Skip to content

turboquant_plugin

vLLM general plugin that patches prompt-embed loading to decode TurboQuant-compressed payloads.

Register via the vllm.general_plugins entry point (declared in pyproject.toml). As of vLLM 0.21.0, load_general_plugins() is called in every process: in the API server via EngineArgs.create_engine_config (vllm/engine/arg_utils.py:731), and in the engine subprocess via EngineCore.__init__ (vllm/v1/engine/core.py:105). The plugin is therefore active in all processes without any explicit call from entrypoint.py.

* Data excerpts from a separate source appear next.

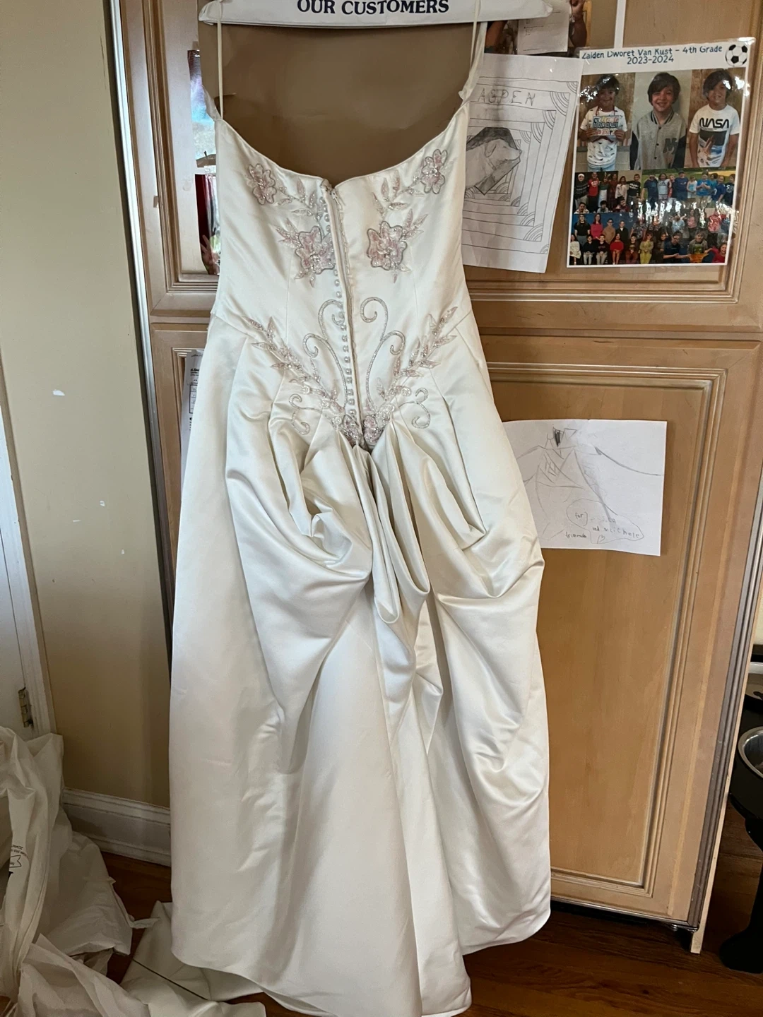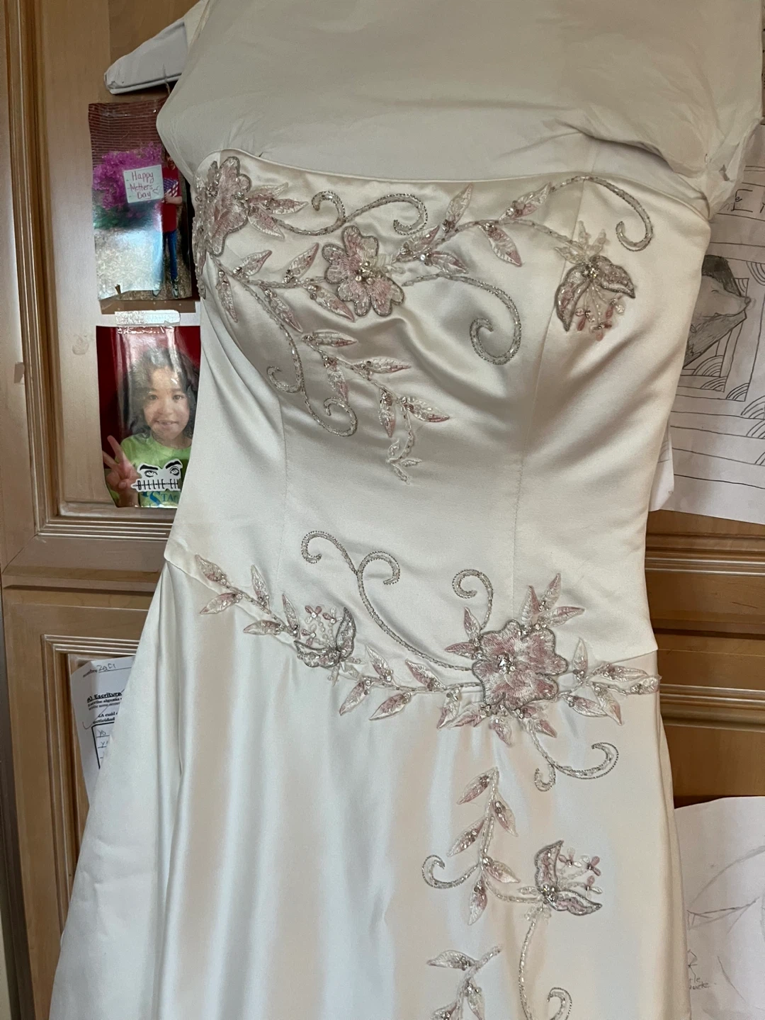 10Beautiful wedding dress with delicate floral embroidery. It features a strapless design and a flowing skirt. Perfect for your special day!
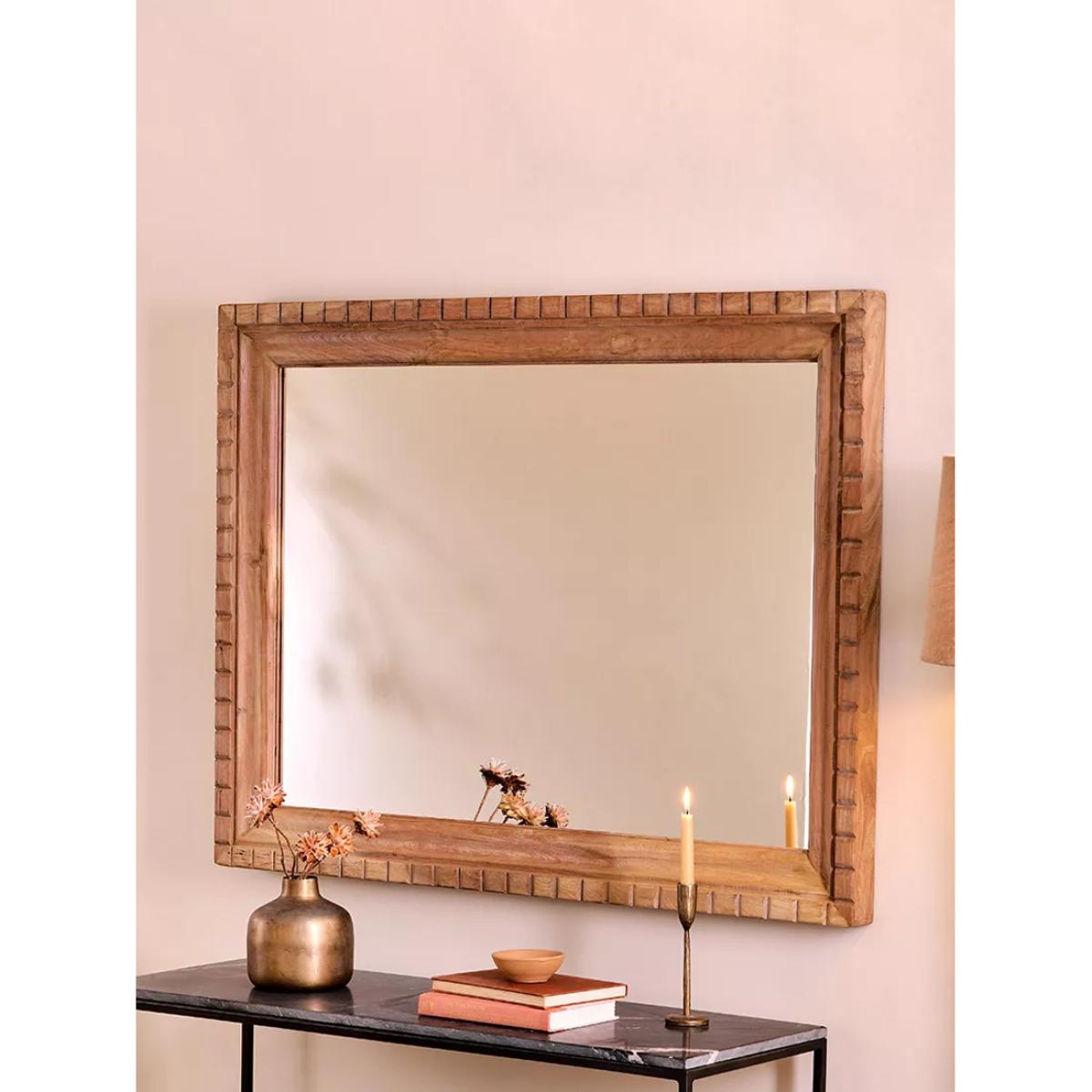 Nkuku Nalda Rectangular Carved Reclaimed Wood Wall Mirror, 90 x 120cm, Natural
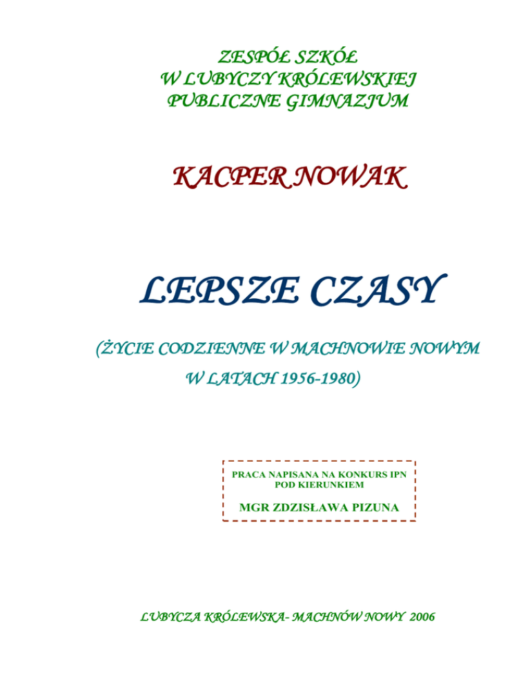 ZESPÓŁ SZKÓŁ W LUBYCZY KRÓLEWSKIEJ PUBLICZNE GIMNAZJUM KACPER NOWAK LEPSZE CZASY (ŻYCIE CODZIENNE W MACHNOWIE NOWYM W LATACH 1956-1980) PRACA NAPISANA NA KONKURS IPN POD KIERUNKIEM MGR ZDZISŁAWA PIZUNA LUBYCZA KRÓLEWSKA- MACHNÓW NOWY 2006 WSTĘP Naz ywam się Kacper Nowak. Mieszkam w Machnowie Nowym. Jestem uczniem klasy III „e” Publicznego Napisałem pracę na rozczarowania...>> Doświadczenia ogólnopolski Społeczeństwo świadka historii”, Gimnazjum konkurs polskie w w Lubycz y Królewskiej. historyczny: czasach zorganizowanego „<<Nadzieje Gomułki przez B iuro i i Gierka. Edukacji Publicznej Inst ytutu Pamięci Narodowej. W swojej pracy przedstawiłem wiele zjawisk ż ycia codziennego mieszkańców Machnowa Nowego w latach 1956 -1980 z punktu widzenia trzech różnych osób, mieszkańców Machnowa Nowego. Skupiłem się również na relacjach międz y władzą komunist yczną a społeczeństwem. Oto krótka prezentacja osób, z którymi przeprowadziłem rozmowy na interesujący mnie temat: Pan Stanisław Nowosad, pochodzi z Zubowic, a od 1950 roku mieszka w Machnowie Nowym. Obecnie ma 69 lat. W Ko mbinacie pracował jako traktorz ysta, elektryk i kierowca. Zawód kierowcy sprawił, że uczestnicz ył w ż yciu publicznym i był świadkiem wielu ważnych wydarzeń mających miejsce w Machnowie Nowym. Pani Michalina Nowak, prywatnie moja babcia, ma 73 lata. Pochodz i z Uchnowa (obecnie Ukraina), a w Machnowie Nowym mieszka od 1953 roku. Zajmowała się głównie prowadzeniem domu i wychowywaniem czworga dzieci, gdyż jej mąż Michał, mój dziadek, pracował jako kowal i nie mógł poświęcać dzieciom zbyt wiele czasu. Przez kil ka lat pracowała w aptece. Pan Czesław Nowak jest moim ojcem, synem pani Michaliny. Ma 49 lat. W Machnowie Nowym mieszka od urodzenia. W latach 1964 -1976 był uczniem Szkoł y Podstawowej w Machnowie Nowym i I Liceum Ogólnokształcącego w Tomaszowie Lubelskim. O czasach Gomułki i Gierka opowiada z perspekt ywy dziecka i nastolatka. Celem mojej pracy było ukazanie ż ycia codziennego oraz relacji międz y mieszkańcami Machnowa Nowego a komunist yczną władzą. Czasy Gomułki i Gierka przez wiele osób oceniane są negat ywn ie, jednak moi rozmówcy uważają, że w ich prz ypadku te lata był y czasem dobrego i ciekawego ż ycia. Pracę zat ytułowałem „Lepsze czasy”, ponieważ z ich relacji można odcz ytać, że 2 życie w latach 1956 -1980 było rzeczywiście lepsze od tego, jakie wiodą obecnie. W tym okresie w Machnowie Nowym kwitło życie kulturalne i towarz yskie, a mieszkańcy, mimo że rządy komunistów niosł y za sobą wiele ograniczeń, mieli pozyt ywniejsze podejście do ż ycia i byli dla siebie życzliwsi niż obecnie. © Wszystkie prawa zastrzeżone. Posiadaczami praw autorskich są: autor pracy Kacper Nowak, opiekun pracy Zdzisław Pizun oraz Instytut Pamięci Narodowej. Ewentualne wykorzystanie (elektroniczne lub w druku) tekstów każdorazowo musi uzyskać zgodę ww. osób lub instytucji. Wykorzystany materiał musi posiadać adnotację, że pochodzi z pracy napisanej na konkurs IPN pn. „Nadzieje i rozczarowania... Społeczeństwo polskie w czasach Gomułki i Gierka. Doświadczenia świadka historii”. 3 LEPSZE CZASY W latach Gospodarstwem 1956-1980 Rolnym i Machnów Nowy siedzibą prężnie zarządzającego czternastoma PGR -ami i b ył duż ym działającego Państwowym Kombinatu, zakładami pracy znajdującymi się w okolicy. Kierowcą w t ym właśnie Kombinacie był pan Stanisław Nowosad : „Zacząłem pracować jako po mocnik traktorzysty, później pracowałem jako elektryk, a następnie jako kierowca w Kombinacie”. Władza Polski Ludowej dbała o dobre relacje z mieszkańcami Machnowa Nowego i często urzędnicy państwowi składali tutaj wiz yt y. Machnów Nowy odwiedził sam I Sekretarz KC PZPR Edward Gierek. Tak te wydarzenia wspomina pan Stanisław: „W latach pięćdziesiątych i sześćdziesiątych przyjeżdżali do Machnowa wyżsi urzędnicy państwowi tak jak Jagielski. Gdy Gierek nastał na stanowisko po Gomułce, odwiedzał te tereny wschod niej Polski i był w Machnowie. Woziłem go na pole, oglądać zboże. Bardzo był zadowolony”. Miejscowa władza, cz yli kierownictwo PGR -u i Kombinatu, również utrz ym ywała dobre stosunki z mieszkańcami. Dyrektorz y szanowali pracowników i starali się, aby wsz ystk ie zgłaszane przez nich sprawy był y szybko załatwiane. Tak pamięta to pan Stanisław: „ Między dyrektorami a ludźmi z PGR-u raczej był koleżeński stosunek. Kierownictwo gospodarstw było różne. Zdarzali się też chamscy, ale dyrektorzy byli raczej przychylnie nastawieni do ludzi. Był Komitet Zakładowy PZPR -u i wszelkie skargi i sprawy były załatwiane bardzo dobrze. Była też Rada Zakładowa”. Wszyscy mieszkańcy byli dobrze traktowani przez władzę, jednak istniała grupa, z którą dyrektorz y obchodzili się w specjal ny sposób. Byli to członkowie PZPR-u: „Przywileje to niektórzy mieli. Nie miał dzieci, ale był żonaty, to mieszkanie dostał, bo był partyjny. Jak jakaś lepsza praca była, np. na nowym ciągniku, to też partyjni dostawali”. Mieszkańcy Machnowa Nowego mogli, po ciężkiej nieraz pracy, miło spędzić czas. W miejscowej świetlicy występowało wielu znanych polskich art ystów. Było też kino, w którym wyświetlano film y mieszkańcom PGR -ów. Tak wspomina to pan Stanisław: „Do świetlicy przyjeżdżały występy znanych 4 artystów. W Machnowie występowali m.in. Hanka Bielicka, Karin Stanek, Irena Santor, Kazimierz Rudzki, Jerzy Połomski. Było wesoło. Było kino, były potańcówki, co roku urządzano dożynki”. Sytuacja ekonomiczna mieszkańców Machnowa Nowego w latach 19561970, gdy I Sekretarzem KC PZPR był Władysław Gomułka, nie była najlepsza. Pieniądze, jakie zarabiali pracownicy PGR -u i Kombinatu, wystarczał y na utrz ymanie rodziny i zaspokojenie podstawowych potrzeb, ale to głównie dlate
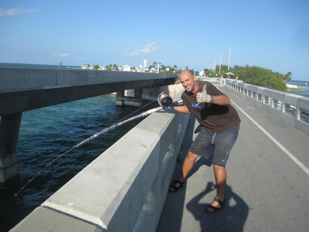 WENT TO LONG KEY WITH JOHNATHAN AGAIN. WE GOT BAIT AT THE BOAT DOCKS. THE FRONT WAS ON ITS WAY.WE GOT THERE ABOUT 1:00 PM. THE TIDE WAS GOING OUT WHEN WE GOT THERE. THE TIDE SLOWED AND JOHNATHAN PUT A TUNA HEAD OUT AND GOT SLAMMED. HE HAD A TWELVE OTT WITH 200 LB TEST. THE FISH SHOT UNDER THE BRIDGE. I SNAGGED HIS LINE ON THE OTHER SIDE . THE REST OF THE FIGHT WAS BARE HANDED. HE ALSO HOOKED A BIG SHARK BETWEEN THE BRIDGES THAT WENT TOWARDS THE GULF SIDE BUT WE COULD NOT GAIN ANY LINE AND IT PULLED THE HOOKS AFTER A WHILE RUBBING ON CONCRETE PILINGS. WE ALSO GOT SLAMMED BY A COLD FRONT AT ABOUT 2:00 IN THE MORNING. I WENT HOME SICK.

The wire format sent by the proxy is a torch.save-ed dict:

{"packed": <uint8 tensor>, "norms": <float32 tensor>, "bits": <int>, "d": <int>}

Plain float tensors (the existing uncompressed path) are passed through unchanged, so deployment is fully backwards-compatible: old proxy → patched vLLM works, and new proxy → unpatched vLLM fails gracefully (vLLM rejects the dict payload with a clear validation error rather than a silent wrong result).

Warning

Under almost no circumstances should you need to import this module directly. If stainedglass_output_protection is installed, vLLM will load the plugin automatically.

Functions:

Name Description
register

Patch vLLM's prompt-embed loader to handle TurboQuant-compressed payloads.

register

register() -> None

Patch vLLM's prompt-embed loader to handle TurboQuant-compressed payloads.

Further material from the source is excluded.